If no direct cause for the development of urge incontinence can be found, one should medical therapy be initiated.
Urge incontinence is usually treated with drugs that have the parasympathetic innervation of the detrusor vesicae muscle or apply directly to the bladder muscle.
For this reason, the intake of so-called Parasympatholytics, Beta sympathomimetics or tricyclic antidepressants.
In cases where there is a purely sensory urge incontinence without involuntary contractions of the urinary muscle, the treatment can be more complicated.
Urge incontinence occurs in women in combination with diseases of the internal female genital organs without an overactivity of the detrusor vesicae muscle can be detected, the local application of Estrogens may relieve the symptoms.
In addition, the drug therapy of urge incontinence should always be carried out by a Bladder training or one psychotherapy can be added.
prevention
Whether the development of urge incontinence can actually be prevented has so far been rather controversial. Nevertheless, certain measures should be taken early on when people are at risk.
Since every form of urinary incontinence is often caused by a weak pelvic floor provoked should already young women start making the To strengthen muscles.
The earlier the Pelvic floor muscles the less the damage is trained.
In this context, both targeted gymnastics, as well as regular riding effectively train the pelvic floor muscles.

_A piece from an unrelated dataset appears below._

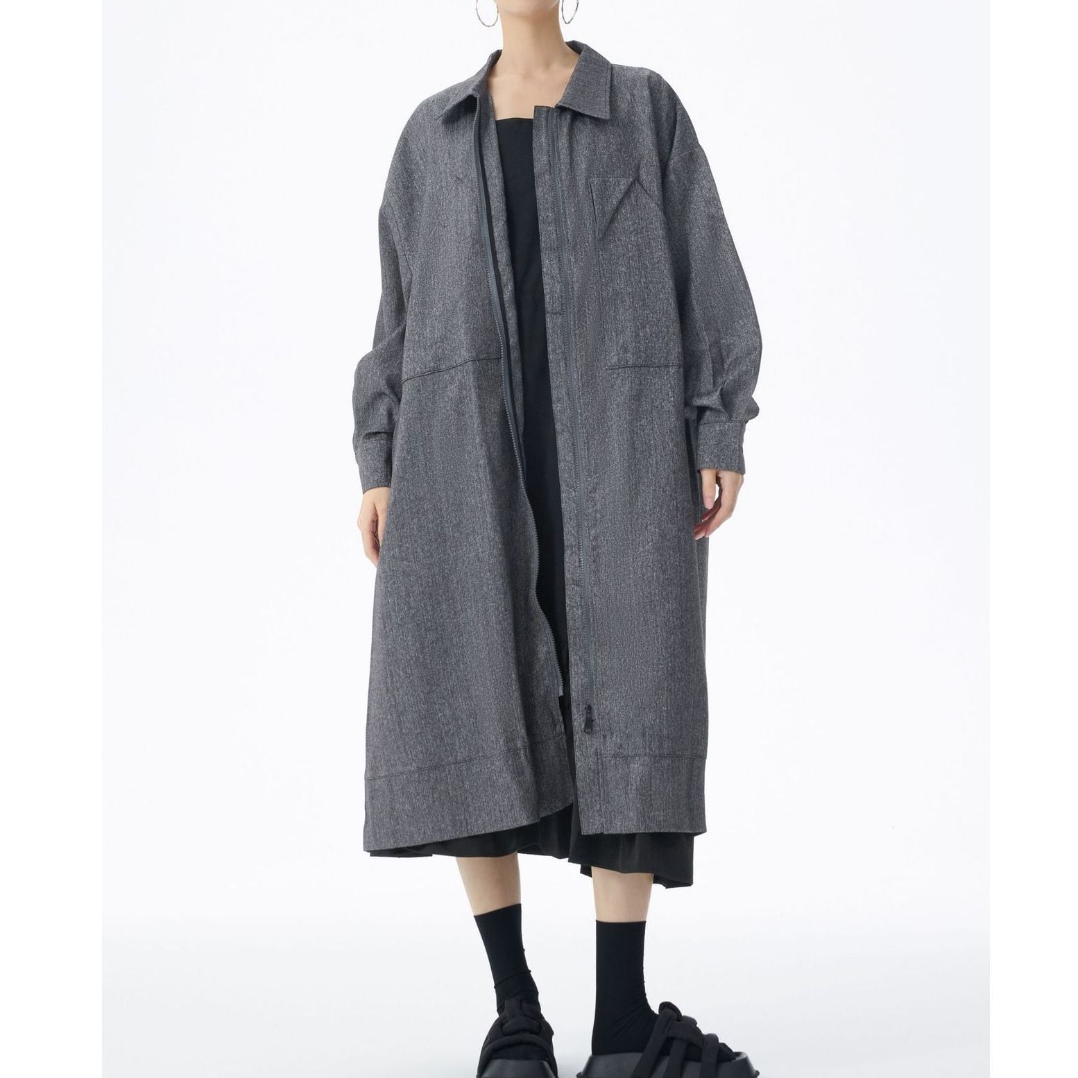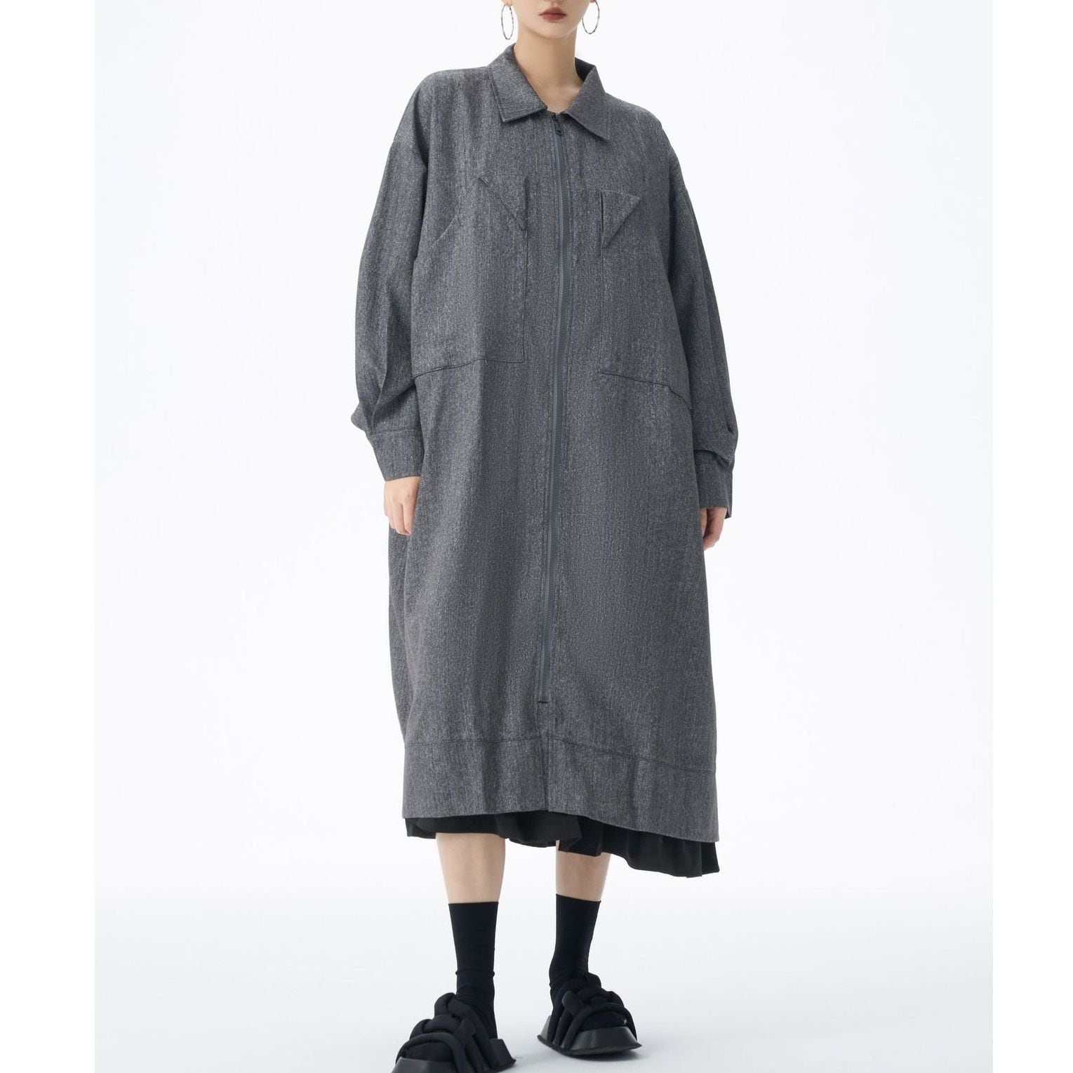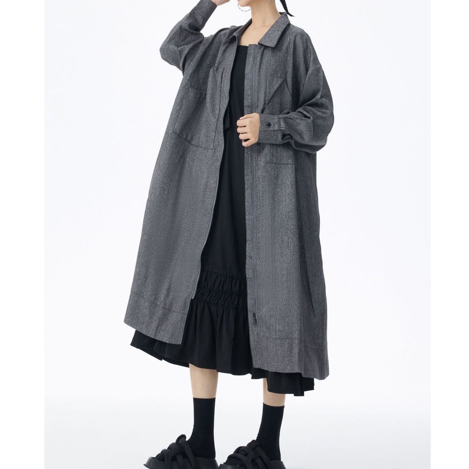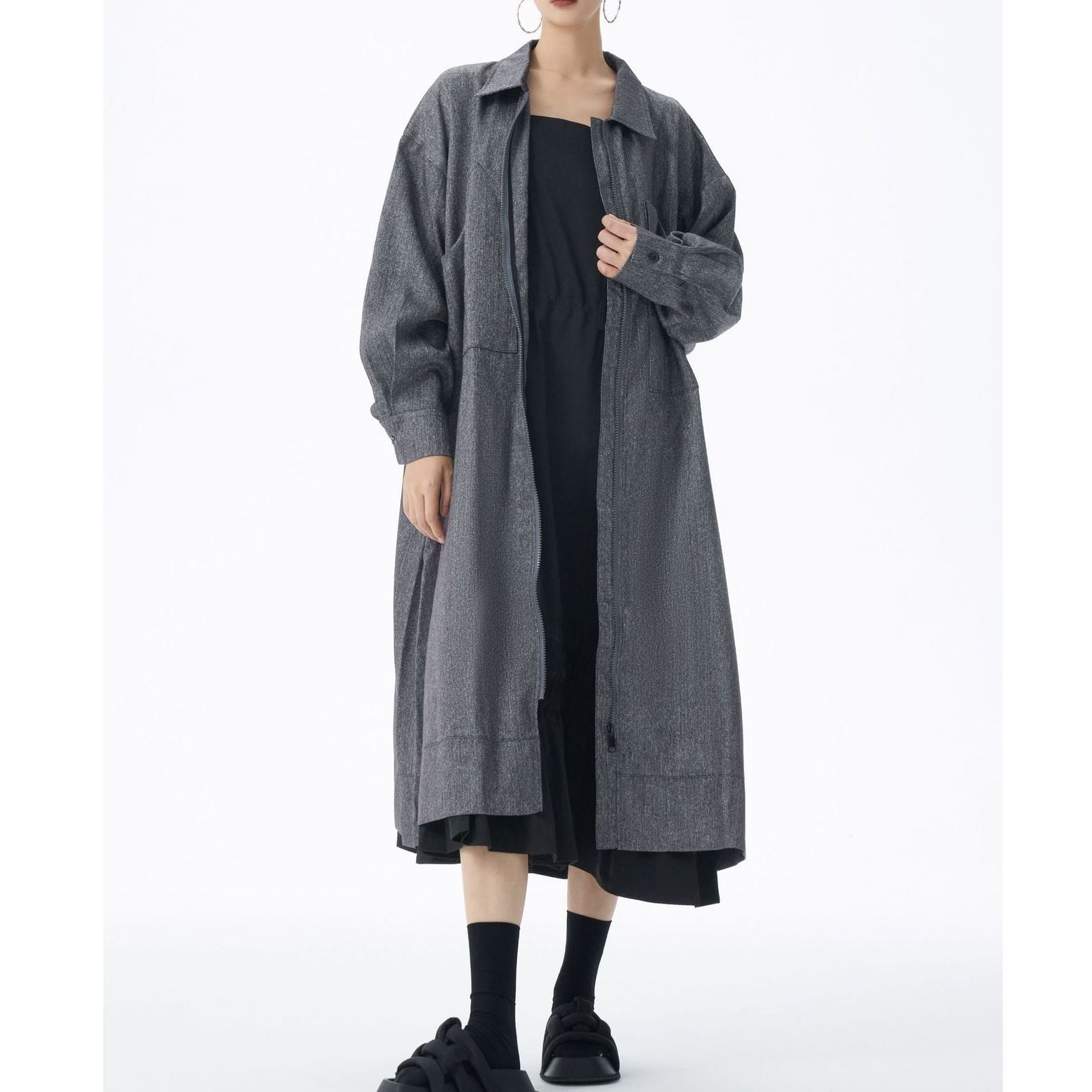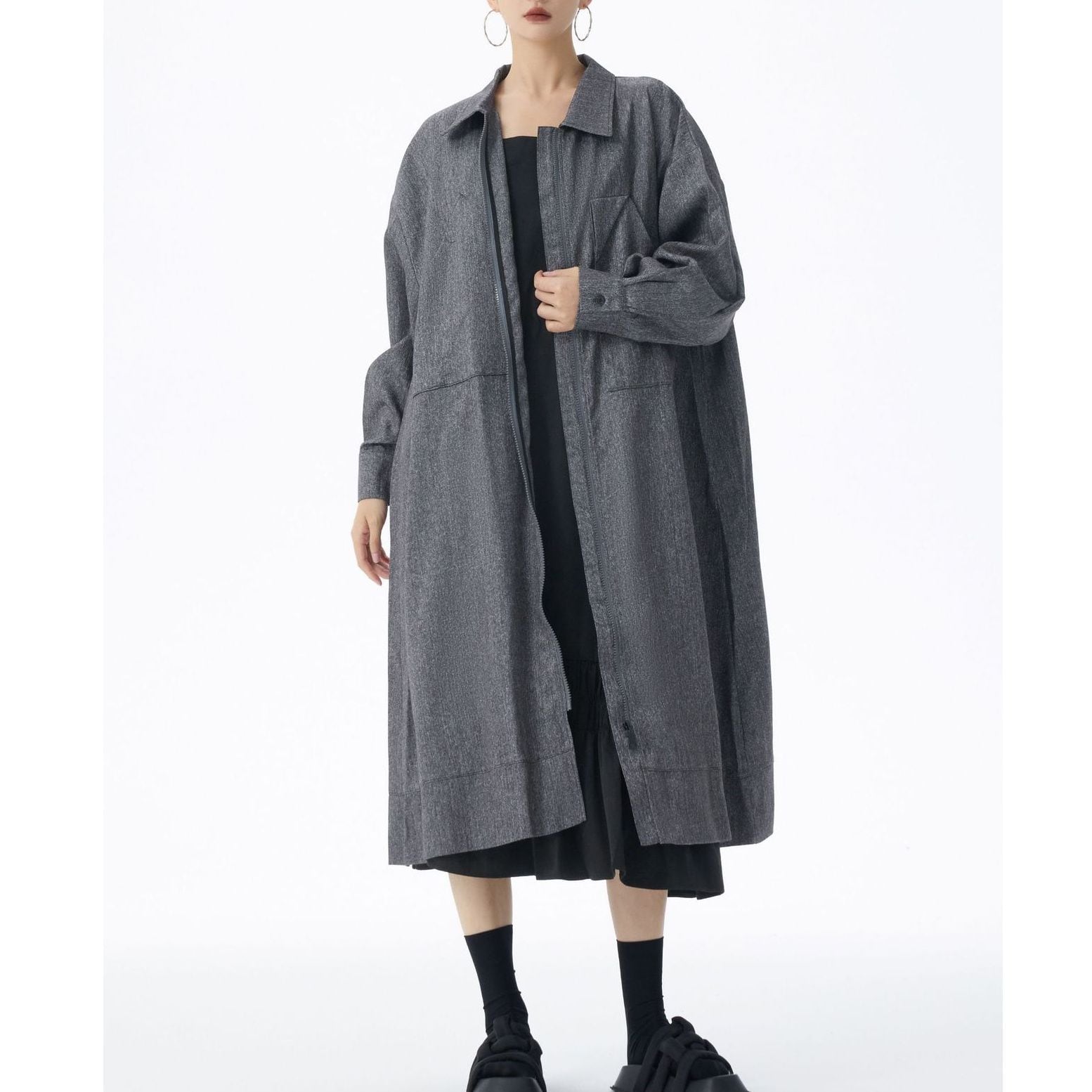GRAY FULLZIP A-LINE MIDI WINDBREAKER SHIRT COAT 1color M-14693

It also increased chronic cough constant pressure on the pelvic floor and the muscles of the bladder wall. There Smoker suffer from chronic cough particularly often, people at risk should stop smoking early.
Furthermore can excessive body weight strain the pelvic floor.
For this reason, obese people have been shown to be significantly more at risk of developing urge incontinence. In addition, it can often be observed that many people with urinary incontinence deliberately drink far too little.
In this way they try to reduce the urge incontinence. It can actually be permanent too small amount of drink make urinary incontinence worse.
Only the regular filling of the bladder can train the bladder muscles. However, if the bladder is only slightly filled, it can Capacity decrease significantly over time.
In addition, the reduction in the daily amount of drinking has been shown to increase the risk of developing Infections. The reason for this is the fact that bacterial pathogens are no longer flushed out and settle in the bladder and urethra can settle.
forecast
Both the course and the prognosis of urge incontinence depend to a large extent on the causal disease from.
Since the treatment of the underlying disease is an important pillar in the treatment of urge incontinence, the prognosis of this form of urinary incontinence is much better if the cause is known.
In addition, that also plays Age of the affected person plays a crucial role.
Urge incontinence can only be treated to a limited extent, especially in people who have reached the age of 70.For this reason, it is important for the affected patients that the nocturnal urination can be made possible in a short way.
A so-called Commode chairthat should be positioned near the bed can often help.